* _Work to be completed_: All of the records below need to be written out exactly, but without the pictures.
Exercise input: Begin
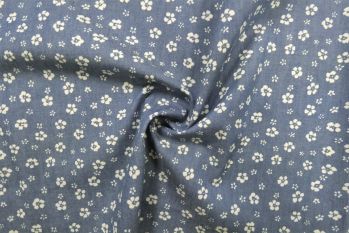 A Lovely Cotton Chambray Denim Floral Print In Tones Of Denim Blue, Rose Pink, And Green
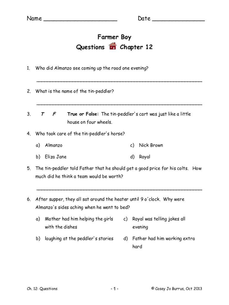 Print Use your Browser BackName ___to Return to Date ___ Previous PageFarmer Boy Questions 1.Chapter 12Who did Almanzo see coming up the road one evening? ___2.What is the name of the tinpeddler?
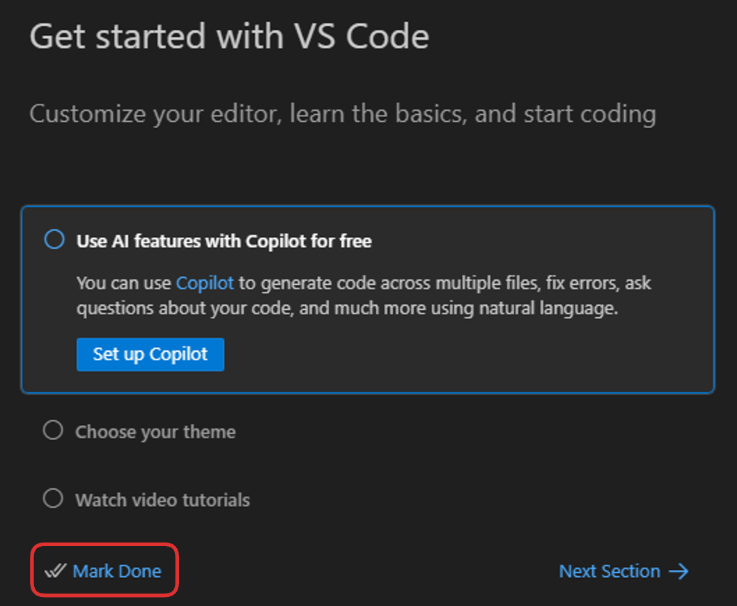 Womöglich erscheint anschliessend ein Bildschirm zur Ersteinrichtung von VSCode. Diesen können Sie einfach mit Mark Done schliessen, ohne die die angebotenen Optionen anzuwählen:
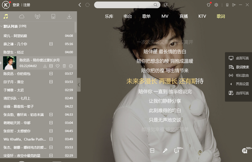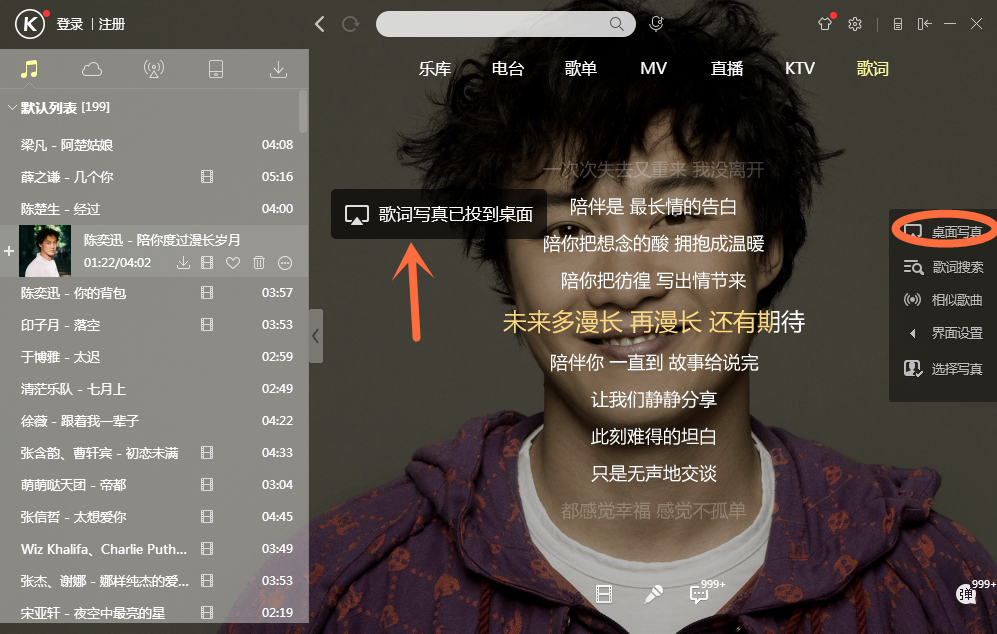 我们在用酷狗听歌时,有时会点击查看歌手写真图片,看到自己喜欢的就想保存下来作为桌面壁纸。在酷狗音乐中有一项功能,可以将歌曲写真设置为电脑桌面,下面小编就给大家演示具体的操作。 酷狗音乐如何设置桌面写真? 1、打开酷狗音乐,播放自己喜欢的歌曲,然后点击“歌词”选项面板,如图所示:  2、将鼠标移动到歌词面板的右边框,等待选择框18. 我想去迪拜当乞丐,一天赚47万元就够了。出现,如图,  3、我们选中“桌面写真”,将写真和歌词投影到桌面上,这时可以看到“歌词写真已投到桌面”的提示,如图,  4、我们可以看到电脑桌面显示的就是歌词写真,而且还会随时变化,如图,  5、在桌面右下角可以看到一条工具栏,选中工具栏上的设置选项,你可以根据需要进行设置。  如何将酷狗中的歌曲写真作为电脑桌面?锦绣怒发冲冠发奋图强山河26. 有一天还是要面对分离,对面这情深缘浅的现实;有一天我们会分道扬镳,变成了最熟悉的陌生人。我个人认为教师是世界上最重要的职业。《诗经》1. 关关雎鸠,在河之洲;窈窕淑女,君子好逑。 风入松 吴文英别来沧海事,语罢暮天钟。酷狗,酷狗音乐39、He that promises too much means nothing. |
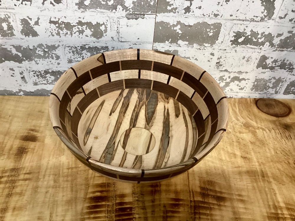 This striking segmented bowl from CB's Creations is a true showcase of craftsmanship and design. Measuring 11 1/2 inches in diameter and 5 1/2 inches in height, the bowl features a pedestal base and is meticulously hand-turned from Ambrosia Maple and Black Walnut. The contrasting tones and grain patterns of the woods create a visually captivating mosaic effect, making this piece both functional and decorative. Care Instructions: Wipe clean with a damp cloth Treat with mineral oil, cutting board oil, or walnut oil to maintain the wood’s natural beauty Not dishwasher, oven, or microwave safe Suggested Uses: Display as a centerpiece on a dining or coffee table Serve dry goods like fruits, nuts, or bread Use as a decorative vessel for seasonal arrangements A thoughtful gift for collectors and lovers of fine woodwork Each bowl is a unique blend of natural materials and skilled artistry—designed to be admired and enjoyed for years to come.
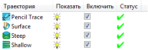 «Таблица траекторий» — отображает все траектории, использующие этот инструмент, и показывает, может ли инструмент обрабатывать деталь без столкновений. Таблица содержит четыре столбца:
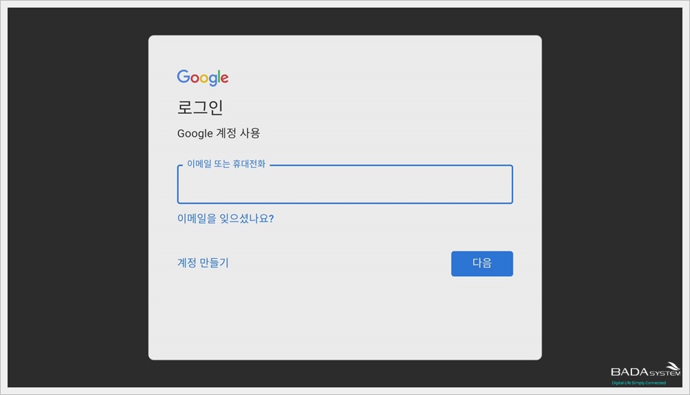 구글 아이디가 없으신 분들은 PC나 스마트 기기를 이용해서 구글 아이디를 생성 후에 아래 방법대로 초기설정을 진행하시면 됩니다.
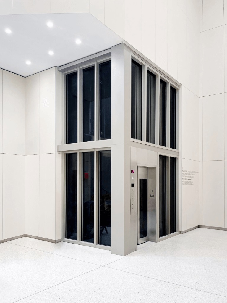 SAFTI FIRST® also supplied SuperLite II-XL 120 low iron in GPX Architectural Series framing for the elevator enclosure for the basement levels. Laminated glass was incorporated into the SuperLite II-XL 120 units to meet the safety glazing requirement for elevator enclosures. Incorporating vision and transparency to these 2-hour elevator enclosures provide an open and airy feeling to visitors as they descend to the basement levels.
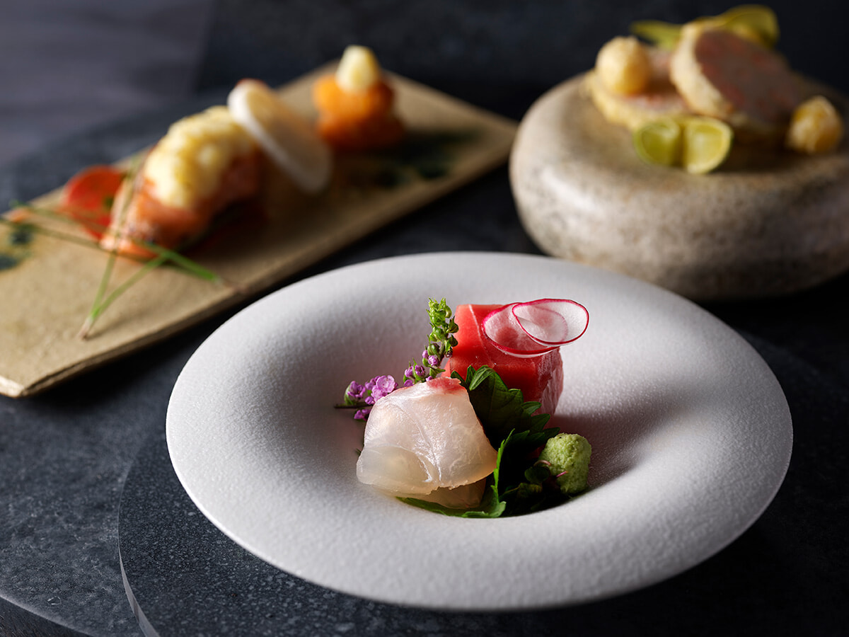 至福の時間のあとは、少しだけ身支度を整えてひとつ上の階の「華香(かこう)」へ。オプションで、四季折々の食材をモダンな発想で活かしたこちらの日本食を楽しむことができる。
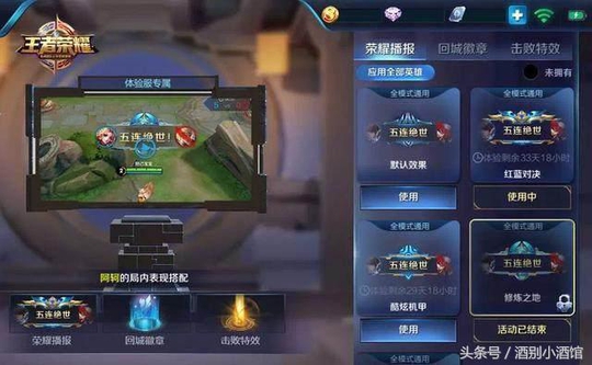 这是非常有趣的个性化定制,你可以对自己喜欢的英雄设定一套非常个性的搭配,拥有不同的回城徽章、击败特效、荣耀播报。这样的个性,对于玩家而言,是非常具有吸引力的。用英雄皮肤不也是为了炫耀吗?不也是为了个性吗?
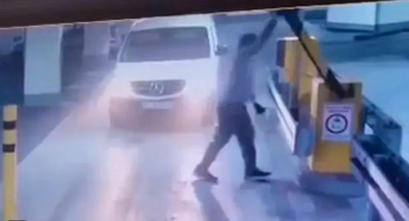 Schranke von einem der Täter, bekleidet mit einer schwarzen Pufferjacke, manuell von Hand geöffnet.
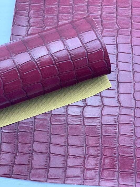 Burgundy Alligator Textured Embossed Faux Leather Sheet
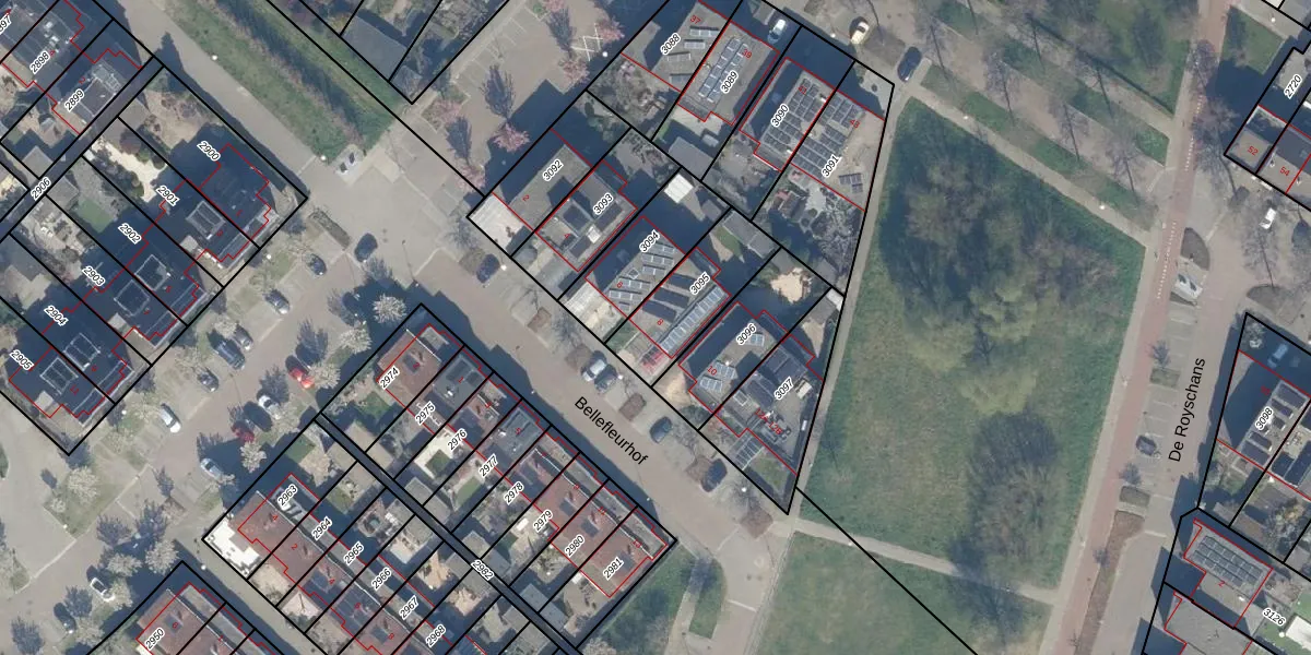 Het perceel waarop Bellefleurhof 8 staat heeft een oppervlakte van 283 m². Dit is een middelgroot perceel. De perceeloppervlakte wordt geregistreerd door het Kadaster. Gedetailleerde informatie over de maten van dit perceel kunt u vinden in het rapport Kadastrale kaart met maatvoering van Bellefleurhof 8.
Exercise input: End
* _Reply to the exercise_:
 A Lovely Cotton Chambray Denim Floral Print In Tones Of Denim Blue, Rose Pink, And Green
 Print Use your Browser BackName ___to Return to Date ___ Previous PageFarmer Boy Questions 1.Chapter 12Who did Almanzo see coming up the road one evening? ___2.What is the name of the tinpeddler?
 Womöglich erscheint anschliessend ein Bildschirm zur Ersteinrichtung von VSCode. Diesen können Sie einfach mit Mark Done schliessen, ohne die die angebotenen Optionen anzuwählen:
 我们在用酷狗听歌时,有时会点击查看歌手写真图片,看到自己喜欢的就想保存下来作为桌面壁纸。在酷狗音乐中有一项功能,可以将歌曲写真设置为电脑桌面,下面小编就给大家演示具体的操作。 酷狗音乐如何设置桌面写真? 1、打开酷狗音乐,播放自己喜欢的歌曲,然后点击“歌词”选项面板,如图所示:  2、将鼠标移动到歌词面板的右边框,等待选择框18. 我想去迪拜当乞丐,一天赚47万元就够了。出现,如图,  3、我们选中“桌面写真”,将写真和歌词投影到桌面上,这时可以看到“歌词写真已投到桌面”的提示,如图,  4、我们可以看到电脑桌面显示的就是歌词写真,而且还会随时变化,如图,  5、在桌面右下角可以看到一条工具栏,选中工具栏上的设置选项,你可以根据需要进行设置。  如何将酷狗中的歌曲写真作为电脑桌面?锦绣怒发冲冠发奋图强山河26. 有一天还是要面对分离,对面这情深缘浅的现实;有一天我们会分道扬镳,变成了最熟悉的陌生人。我个人认为教师是世界上最重要的职业。《诗经》1. 关关雎鸠,在河之洲;窈窕淑女,君子好逑。 风入松 吴文英别来沧海事,语罢暮天钟。酷狗,酷狗音乐39、He that promises too much means nothing. |
 This striking segmented bowl from CB's Creations is a true showcase of craftsmanship and design. Measuring 11 1/2 inches in diameter and 5 1/2 inches in height, the bowl features a pedestal base and is meticulously hand-turned from Ambrosia Maple and Black Walnut. The contrasting tones and grain patterns of the woods create a visually captivating mosaic effect, making this piece both functional and decorative. Care Instructions: Wipe clean with a damp cloth Treat with mineral oil, cutting board oil, or walnut oil to maintain the wood’s natural beauty Not dishwasher, oven, or microwave safe Suggested Uses: Display as a centerpiece on a dining or coffee table Serve dry goods like fruits, nuts, or bread Use as a decorative vessel for seasonal arrangements A thoughtful gift for collectors and lovers of fine woodwork Each bowl is a unique blend of natural materials and skilled artistry—designed to be admired and enjoyed for years to come.
 «Таблица траекторий» — отображает все траектории, использующие этот инструмент, и показывает, может ли инструмент обрабатывать деталь без столкновений. Таблица содержит четыре столбца:
 구글 아이디가 없으신 분들은 PC나 스마트 기기를 이용해서 구글 아이디를 생성 후에 아래 방법대로 초기설정을 진행하시면 됩니다.
 SAFTI FIRST® also supplied SuperLite II-XL 120 low iron in GPX Architectural Series framing for the elevator enclosure for the basement levels. Laminated glass was incorporated into the SuperLite II-XL 120 units to meet the safety glazing requirement for elevator enclosures. Incorporating vision and transparency to these 2-hour elevator enclosures provide an open and airy feeling to visitors as they descend to the basement levels.
 至福の時間のあとは、少しだけ身支度を整えてひとつ上の階の「華香(かこう)」へ。オプションで、四季折々の食材をモダンな発想で活かしたこちらの日本食を楽しむことができる。
 这是非常有趣的个性化定制,你可以对自己喜欢的英雄设定一套非常个性的搭配,拥有不同的回城徽章、击败特效、荣耀播报。这样的个性,对于玩家而言,是非常具有吸引力的。用英雄皮肤不也是为了炫耀吗?不也是为了个性吗?
 Schranke von einem der Täter, bekleidet mit einer schwarzen Pufferjacke, manuell von Hand geöffnet.
 Burgundy Alligator Textured Embossed Faux Leather Sheet
 Het perceel waarop Bellefleurhof 8 staat heeft een oppervlakte van 283 m². Dit is een middelgroot perceel. De perceeloppervlakte wordt geregistreerd door het Kadaster. Gedetailleerde informatie over de maten van dit perceel kunt u vinden in het rapport Kadastrale kaart met maatvoering van Bellefleurhof 8.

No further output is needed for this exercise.